On August 29, Bank Hapoalim B.M. filed a summons with notice in New York state court against four Morgan Stanley entities. Bank Hapoalim alleges that offering materials accompanying the sale of eight RMBS purchased for a total of $140,507,000 between September 2006 and July 2007 contained fraudulent misrepresentations that induced the purchases. Bank Hapoalim brings claims for violation of the Securities Act, common law fraud, aiding and abetting fraud, negligent misrepresentation, and breach of contract. In particular, Bank Hapoalim alleges that the defendants made material misrepresentations and omissions concerning the underlying guidelines used to originate the loans, the statistical characteristics of the loans, including loan-to-value ratios, combined loan-to-value ratios, and owner-occupancy status, the legal validity of the trusts and their entitlement to receive payments on the loans, and the credit ratings assigned to the RMBS. Summons.

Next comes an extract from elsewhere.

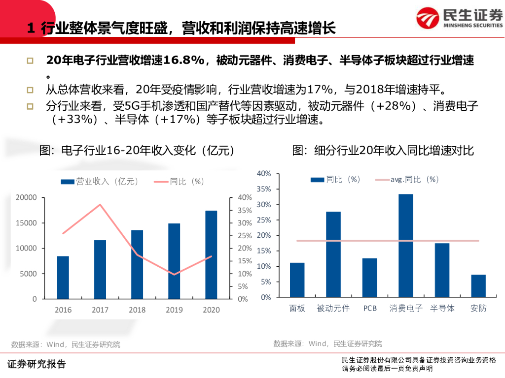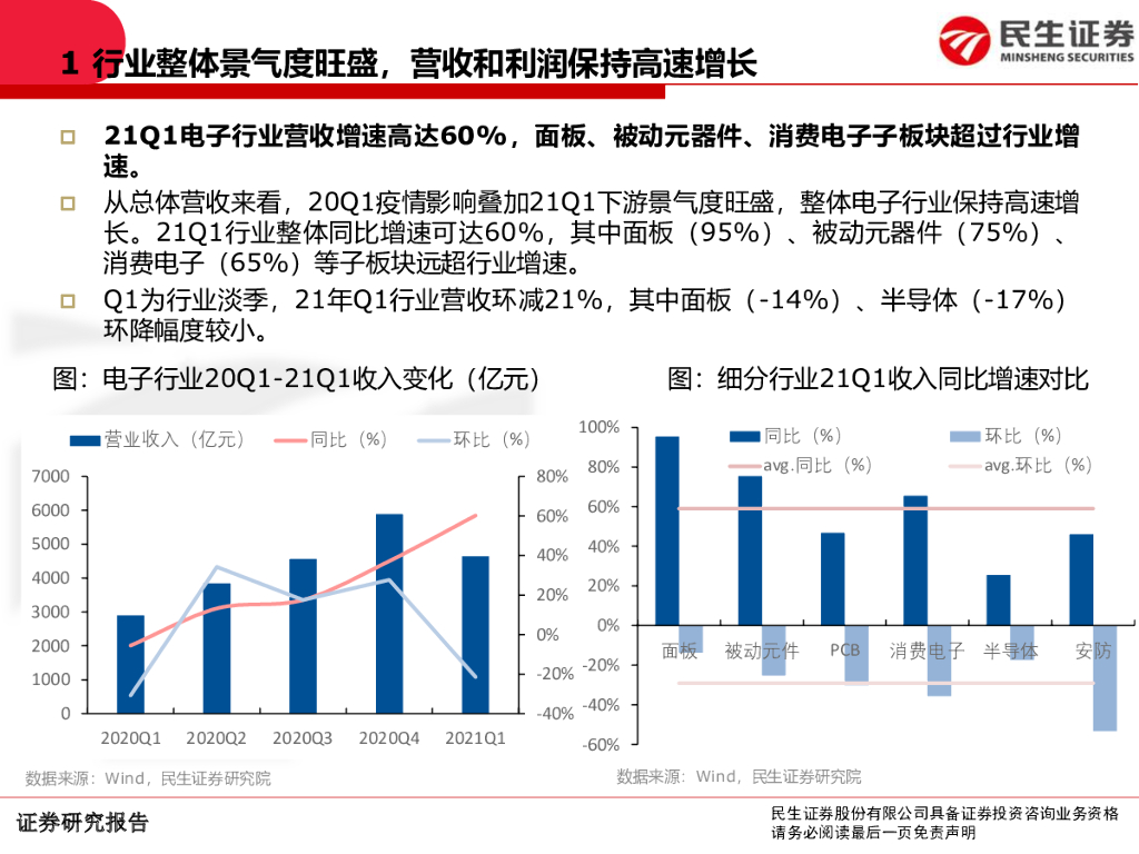 民生证券:电子行业2020年报和2021一季报总结:业绩增长强劲,电子行业景气延续.pdf

Several HSH Nordbank AG affiliates filed two summonses with notice in New York state court on August 24, seeking damages, rescission and/or a declaratory judgment arising out of their purchase of roughly $524 million and $110 million in RMBS certificates from Morgan Stanley and Goldman Sachs, respectively. Other than the details relating to the particular defendants, the two summonses with notice are identical. In particular, in both cases HSH Nordbank alleges that offering materials provided by the Defendants contained material misrepresentations concerning the underwriting standards for the loans underlying the RMBS, the legal validity of the trusts and their entitlement to receive payments on the loans, the loans’ loan-to-value ratios, the percentage of owner-occupied properties, and the credit ratings assigned to the RMBS. Goldman Sachs Summons. Morgan Stanley Summons.
On July 16, Judge Laura Swain of U.S. District Court for the Southern District of New York denied Morgan Stanley’s motion to dismiss a class action suit that alleges misrepresentations and omissions in the offering documents for numerous mortgage-backed securities. In its motion, Morgan Stanley argued that the claims were time-barred under the one-year statute of limitations for violations of Section 11 and Section 12(a)(2) of the 1933 Securities Act because, among other reasons, numerous news reports had been published more than one year before the complaint was filed that put Plaintiffs on inquiry notice of their claims. Judge Swain held that the statute of limitations begins running only when a plaintiff could have pled claims with sufficient particularity to state a facially plausible claim. In this context, she held that the earliest that could have occurred was when the securities at issue were downgraded to below investment-grade. She further held that while the news reports cited by Morgan Stanley painted a vivid picture of a distressed MBS industry, none of the reports referred to the entities involved in the origination or securitization of the loans backing Plaintiffs’ investments and therefore they did not provide Plaintiffs with sufficient information to state a facially plausible claim. Order.